*Required work*: For the material that follows, return exactly the lines from the one with "Tragué saliva, sintiendo" through the one with "读锁的共享锁可保证并发读是非常高效的,读写,写读,写写的过程是互斥的。", both ends included.

*Available records*:
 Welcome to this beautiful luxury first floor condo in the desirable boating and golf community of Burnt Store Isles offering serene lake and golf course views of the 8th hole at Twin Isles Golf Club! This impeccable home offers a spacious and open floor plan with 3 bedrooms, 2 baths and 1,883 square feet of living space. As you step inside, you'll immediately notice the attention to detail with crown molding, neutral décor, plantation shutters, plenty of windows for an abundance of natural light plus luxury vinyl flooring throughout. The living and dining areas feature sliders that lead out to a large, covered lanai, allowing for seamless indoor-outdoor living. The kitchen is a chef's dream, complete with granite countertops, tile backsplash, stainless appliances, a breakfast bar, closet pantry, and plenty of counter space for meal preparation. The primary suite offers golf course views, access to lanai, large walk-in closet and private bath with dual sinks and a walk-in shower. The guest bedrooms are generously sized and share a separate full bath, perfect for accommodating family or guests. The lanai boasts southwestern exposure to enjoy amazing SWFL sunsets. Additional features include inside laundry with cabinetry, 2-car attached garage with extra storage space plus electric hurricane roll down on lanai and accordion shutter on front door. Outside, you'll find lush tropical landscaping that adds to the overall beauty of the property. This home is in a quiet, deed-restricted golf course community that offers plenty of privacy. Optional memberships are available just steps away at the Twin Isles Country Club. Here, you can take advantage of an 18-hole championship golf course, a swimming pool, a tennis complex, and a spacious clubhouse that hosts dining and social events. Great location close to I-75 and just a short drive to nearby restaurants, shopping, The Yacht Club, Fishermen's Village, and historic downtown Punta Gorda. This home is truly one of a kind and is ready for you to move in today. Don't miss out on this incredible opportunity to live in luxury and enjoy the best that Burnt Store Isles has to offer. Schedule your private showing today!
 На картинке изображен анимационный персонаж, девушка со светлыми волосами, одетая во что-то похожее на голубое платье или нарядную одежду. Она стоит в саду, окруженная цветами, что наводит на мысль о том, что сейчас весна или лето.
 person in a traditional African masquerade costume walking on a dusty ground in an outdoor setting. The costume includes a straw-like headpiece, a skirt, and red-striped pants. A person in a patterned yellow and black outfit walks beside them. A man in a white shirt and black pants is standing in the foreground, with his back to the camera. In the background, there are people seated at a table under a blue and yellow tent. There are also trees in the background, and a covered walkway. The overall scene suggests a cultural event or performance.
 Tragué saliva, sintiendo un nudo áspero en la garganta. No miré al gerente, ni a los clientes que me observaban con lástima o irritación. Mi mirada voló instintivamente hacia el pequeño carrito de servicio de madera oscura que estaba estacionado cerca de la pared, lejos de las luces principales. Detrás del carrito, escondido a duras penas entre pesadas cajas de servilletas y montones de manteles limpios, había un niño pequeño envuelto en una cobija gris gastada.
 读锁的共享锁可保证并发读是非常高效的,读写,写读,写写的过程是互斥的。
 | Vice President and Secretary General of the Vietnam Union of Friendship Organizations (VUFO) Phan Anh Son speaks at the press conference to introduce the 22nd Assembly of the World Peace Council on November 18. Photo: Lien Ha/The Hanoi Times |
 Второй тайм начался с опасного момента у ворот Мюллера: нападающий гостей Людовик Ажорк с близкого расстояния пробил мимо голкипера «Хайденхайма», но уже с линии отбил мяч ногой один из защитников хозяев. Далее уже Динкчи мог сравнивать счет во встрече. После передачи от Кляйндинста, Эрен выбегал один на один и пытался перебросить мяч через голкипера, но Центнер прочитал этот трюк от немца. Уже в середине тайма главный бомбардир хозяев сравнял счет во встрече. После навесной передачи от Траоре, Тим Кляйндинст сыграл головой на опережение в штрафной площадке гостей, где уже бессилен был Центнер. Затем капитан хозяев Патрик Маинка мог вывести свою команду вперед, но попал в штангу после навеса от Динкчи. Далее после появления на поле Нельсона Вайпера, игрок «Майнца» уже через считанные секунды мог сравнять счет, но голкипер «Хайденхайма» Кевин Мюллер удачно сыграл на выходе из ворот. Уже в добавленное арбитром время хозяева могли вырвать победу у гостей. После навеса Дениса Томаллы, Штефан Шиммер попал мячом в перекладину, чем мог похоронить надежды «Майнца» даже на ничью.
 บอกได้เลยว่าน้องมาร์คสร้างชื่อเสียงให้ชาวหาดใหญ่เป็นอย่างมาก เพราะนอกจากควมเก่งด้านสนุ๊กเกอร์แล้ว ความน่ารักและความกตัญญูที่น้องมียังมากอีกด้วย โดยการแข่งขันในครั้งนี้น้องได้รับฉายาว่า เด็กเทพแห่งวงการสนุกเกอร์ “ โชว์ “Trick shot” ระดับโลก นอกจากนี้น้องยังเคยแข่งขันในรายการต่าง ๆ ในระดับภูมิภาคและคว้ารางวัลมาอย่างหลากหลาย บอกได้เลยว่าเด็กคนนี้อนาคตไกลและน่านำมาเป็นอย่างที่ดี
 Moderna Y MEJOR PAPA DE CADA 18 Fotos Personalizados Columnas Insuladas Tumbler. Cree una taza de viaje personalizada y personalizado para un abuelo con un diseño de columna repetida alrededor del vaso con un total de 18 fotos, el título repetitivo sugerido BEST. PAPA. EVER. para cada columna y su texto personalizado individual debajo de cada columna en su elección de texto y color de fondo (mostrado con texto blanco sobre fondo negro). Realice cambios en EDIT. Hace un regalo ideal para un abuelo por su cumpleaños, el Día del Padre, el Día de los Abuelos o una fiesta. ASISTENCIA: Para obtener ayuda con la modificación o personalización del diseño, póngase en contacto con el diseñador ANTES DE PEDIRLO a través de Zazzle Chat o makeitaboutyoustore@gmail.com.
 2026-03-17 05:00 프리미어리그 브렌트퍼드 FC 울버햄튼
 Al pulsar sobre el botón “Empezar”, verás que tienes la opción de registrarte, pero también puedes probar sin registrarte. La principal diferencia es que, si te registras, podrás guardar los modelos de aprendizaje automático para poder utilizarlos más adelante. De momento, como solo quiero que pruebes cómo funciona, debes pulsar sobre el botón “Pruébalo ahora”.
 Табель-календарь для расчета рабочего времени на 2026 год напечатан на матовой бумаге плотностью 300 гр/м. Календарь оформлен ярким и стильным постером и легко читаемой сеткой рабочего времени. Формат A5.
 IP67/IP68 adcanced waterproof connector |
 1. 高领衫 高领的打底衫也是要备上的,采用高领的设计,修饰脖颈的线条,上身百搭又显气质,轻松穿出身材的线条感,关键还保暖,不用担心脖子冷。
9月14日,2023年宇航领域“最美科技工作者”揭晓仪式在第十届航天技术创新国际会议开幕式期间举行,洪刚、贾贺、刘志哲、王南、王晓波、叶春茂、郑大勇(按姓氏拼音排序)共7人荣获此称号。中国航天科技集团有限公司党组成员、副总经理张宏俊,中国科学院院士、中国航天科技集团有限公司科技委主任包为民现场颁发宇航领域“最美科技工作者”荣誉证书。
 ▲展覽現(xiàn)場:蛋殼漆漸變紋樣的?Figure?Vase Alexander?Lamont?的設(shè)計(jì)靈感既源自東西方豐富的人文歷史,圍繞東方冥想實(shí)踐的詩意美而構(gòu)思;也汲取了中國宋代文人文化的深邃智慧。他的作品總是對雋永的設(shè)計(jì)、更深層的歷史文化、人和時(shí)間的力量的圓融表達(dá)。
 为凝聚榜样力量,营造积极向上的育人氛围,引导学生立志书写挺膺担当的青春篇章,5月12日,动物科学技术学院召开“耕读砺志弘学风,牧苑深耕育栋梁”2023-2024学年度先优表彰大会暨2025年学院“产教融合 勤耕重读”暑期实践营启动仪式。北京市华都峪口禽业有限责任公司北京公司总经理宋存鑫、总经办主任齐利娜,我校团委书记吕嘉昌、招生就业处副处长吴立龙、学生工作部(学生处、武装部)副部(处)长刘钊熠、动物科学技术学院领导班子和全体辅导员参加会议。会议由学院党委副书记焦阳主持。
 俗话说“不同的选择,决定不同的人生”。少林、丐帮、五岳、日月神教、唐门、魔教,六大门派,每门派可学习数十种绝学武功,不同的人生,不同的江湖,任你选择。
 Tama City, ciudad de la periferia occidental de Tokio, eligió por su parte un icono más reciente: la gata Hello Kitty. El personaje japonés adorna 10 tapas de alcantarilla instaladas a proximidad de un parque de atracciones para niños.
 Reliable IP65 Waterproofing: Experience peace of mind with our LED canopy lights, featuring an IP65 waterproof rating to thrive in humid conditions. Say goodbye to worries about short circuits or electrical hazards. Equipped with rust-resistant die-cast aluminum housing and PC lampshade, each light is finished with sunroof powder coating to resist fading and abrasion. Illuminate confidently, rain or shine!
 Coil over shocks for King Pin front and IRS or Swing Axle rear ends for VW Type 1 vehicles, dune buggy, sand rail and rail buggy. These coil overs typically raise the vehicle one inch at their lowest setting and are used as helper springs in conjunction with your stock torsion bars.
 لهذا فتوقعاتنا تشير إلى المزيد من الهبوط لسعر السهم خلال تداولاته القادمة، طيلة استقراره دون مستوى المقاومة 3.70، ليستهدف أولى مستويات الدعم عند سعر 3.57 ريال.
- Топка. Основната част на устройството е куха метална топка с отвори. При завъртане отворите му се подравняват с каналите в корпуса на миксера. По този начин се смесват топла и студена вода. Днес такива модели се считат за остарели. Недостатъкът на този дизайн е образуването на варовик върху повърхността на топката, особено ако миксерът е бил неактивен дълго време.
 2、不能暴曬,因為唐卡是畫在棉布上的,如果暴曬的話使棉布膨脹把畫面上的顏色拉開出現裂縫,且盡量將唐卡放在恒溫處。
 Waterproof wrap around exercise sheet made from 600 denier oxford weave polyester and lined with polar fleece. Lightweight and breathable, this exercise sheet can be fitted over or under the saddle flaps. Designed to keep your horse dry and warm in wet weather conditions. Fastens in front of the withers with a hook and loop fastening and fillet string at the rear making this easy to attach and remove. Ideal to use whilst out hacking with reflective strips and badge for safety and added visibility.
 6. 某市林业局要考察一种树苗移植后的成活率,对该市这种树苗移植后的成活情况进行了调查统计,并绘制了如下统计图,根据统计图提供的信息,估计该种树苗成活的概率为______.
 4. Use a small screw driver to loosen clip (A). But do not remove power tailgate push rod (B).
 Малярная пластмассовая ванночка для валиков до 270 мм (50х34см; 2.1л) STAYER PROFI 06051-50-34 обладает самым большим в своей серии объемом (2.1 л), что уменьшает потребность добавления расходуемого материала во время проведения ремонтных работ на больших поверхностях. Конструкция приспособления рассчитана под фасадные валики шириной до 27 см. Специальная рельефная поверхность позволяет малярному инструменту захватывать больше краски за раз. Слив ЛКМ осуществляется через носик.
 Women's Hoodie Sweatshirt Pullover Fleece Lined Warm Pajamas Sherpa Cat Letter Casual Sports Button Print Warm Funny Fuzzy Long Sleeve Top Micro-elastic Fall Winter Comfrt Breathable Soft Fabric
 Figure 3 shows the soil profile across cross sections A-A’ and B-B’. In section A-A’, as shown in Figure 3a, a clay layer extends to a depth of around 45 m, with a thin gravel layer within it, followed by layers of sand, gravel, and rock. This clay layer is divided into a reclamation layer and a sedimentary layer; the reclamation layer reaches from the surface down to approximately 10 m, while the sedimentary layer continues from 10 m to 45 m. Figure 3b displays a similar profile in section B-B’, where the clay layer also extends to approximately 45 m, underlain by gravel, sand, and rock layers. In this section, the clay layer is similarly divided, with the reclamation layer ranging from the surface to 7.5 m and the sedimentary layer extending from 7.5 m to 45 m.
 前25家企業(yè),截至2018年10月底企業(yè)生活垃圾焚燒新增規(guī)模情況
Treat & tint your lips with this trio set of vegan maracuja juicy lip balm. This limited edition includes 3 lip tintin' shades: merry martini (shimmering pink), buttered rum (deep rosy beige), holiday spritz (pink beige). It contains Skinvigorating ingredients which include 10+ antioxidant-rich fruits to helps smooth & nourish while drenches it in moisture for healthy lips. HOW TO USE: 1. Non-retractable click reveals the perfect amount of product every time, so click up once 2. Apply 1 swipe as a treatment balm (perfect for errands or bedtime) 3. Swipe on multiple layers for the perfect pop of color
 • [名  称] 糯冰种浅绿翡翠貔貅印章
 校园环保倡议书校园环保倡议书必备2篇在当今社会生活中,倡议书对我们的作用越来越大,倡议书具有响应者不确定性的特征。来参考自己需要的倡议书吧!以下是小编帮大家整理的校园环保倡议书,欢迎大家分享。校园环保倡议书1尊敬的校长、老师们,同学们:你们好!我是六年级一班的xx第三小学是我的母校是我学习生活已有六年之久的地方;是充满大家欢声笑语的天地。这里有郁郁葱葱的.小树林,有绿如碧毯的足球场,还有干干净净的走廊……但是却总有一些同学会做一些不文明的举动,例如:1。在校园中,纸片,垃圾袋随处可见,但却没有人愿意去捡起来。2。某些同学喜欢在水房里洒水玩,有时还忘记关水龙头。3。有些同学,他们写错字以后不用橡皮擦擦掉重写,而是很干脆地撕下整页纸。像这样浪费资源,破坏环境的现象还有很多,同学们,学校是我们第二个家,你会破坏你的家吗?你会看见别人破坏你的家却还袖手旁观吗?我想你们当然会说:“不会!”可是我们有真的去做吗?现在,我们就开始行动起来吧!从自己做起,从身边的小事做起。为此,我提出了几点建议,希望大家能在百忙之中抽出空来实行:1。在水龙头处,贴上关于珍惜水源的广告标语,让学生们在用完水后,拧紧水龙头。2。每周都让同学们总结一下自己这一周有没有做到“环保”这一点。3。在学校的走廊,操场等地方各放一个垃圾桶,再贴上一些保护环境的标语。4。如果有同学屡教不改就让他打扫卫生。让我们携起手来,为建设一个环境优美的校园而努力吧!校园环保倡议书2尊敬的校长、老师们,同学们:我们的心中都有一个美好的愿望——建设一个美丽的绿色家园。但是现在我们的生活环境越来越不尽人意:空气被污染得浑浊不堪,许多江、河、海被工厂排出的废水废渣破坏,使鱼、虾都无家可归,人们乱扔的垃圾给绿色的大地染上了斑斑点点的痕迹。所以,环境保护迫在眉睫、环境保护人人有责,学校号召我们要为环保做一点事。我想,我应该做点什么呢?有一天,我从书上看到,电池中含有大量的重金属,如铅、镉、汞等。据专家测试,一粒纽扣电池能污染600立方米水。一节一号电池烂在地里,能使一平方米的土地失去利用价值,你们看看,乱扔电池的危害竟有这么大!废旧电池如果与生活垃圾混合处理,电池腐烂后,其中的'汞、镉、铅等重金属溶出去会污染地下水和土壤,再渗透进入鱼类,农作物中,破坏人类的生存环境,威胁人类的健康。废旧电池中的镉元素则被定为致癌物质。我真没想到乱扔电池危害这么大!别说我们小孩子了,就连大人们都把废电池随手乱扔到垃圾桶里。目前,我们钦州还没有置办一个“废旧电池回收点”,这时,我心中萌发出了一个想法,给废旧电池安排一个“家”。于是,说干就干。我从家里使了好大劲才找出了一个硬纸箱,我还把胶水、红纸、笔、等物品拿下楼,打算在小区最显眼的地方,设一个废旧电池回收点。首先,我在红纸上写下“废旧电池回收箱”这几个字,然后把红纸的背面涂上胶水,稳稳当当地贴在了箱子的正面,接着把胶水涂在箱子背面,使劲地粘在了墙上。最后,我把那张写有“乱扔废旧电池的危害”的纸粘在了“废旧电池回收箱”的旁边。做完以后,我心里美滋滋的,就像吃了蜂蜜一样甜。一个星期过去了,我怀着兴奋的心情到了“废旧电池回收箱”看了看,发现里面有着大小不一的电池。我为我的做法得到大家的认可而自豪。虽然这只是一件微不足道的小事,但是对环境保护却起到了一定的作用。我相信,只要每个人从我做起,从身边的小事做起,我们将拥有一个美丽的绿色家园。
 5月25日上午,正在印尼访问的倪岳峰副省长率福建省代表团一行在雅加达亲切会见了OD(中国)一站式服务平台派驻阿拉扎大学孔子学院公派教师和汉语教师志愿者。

*Written solution*:
 Tragué saliva, sintiendo un nudo áspero en la garganta. No miré al gerente, ni a los clientes que me observaban con lástima o irritación. Mi mirada voló instintivamente hacia el pequeño carrito de servicio de madera oscura que estaba estacionado cerca de la pared, lejos de las luces principales. Detrás del carrito, escondido a duras penas entre pesadas cajas de servilletas y montones de manteles limpios, había un niño pequeño envuelto en una cobija gris gastada.
 读锁的共享锁可保证并发读是非常高效的,读写,写读,写写的过程是互斥的。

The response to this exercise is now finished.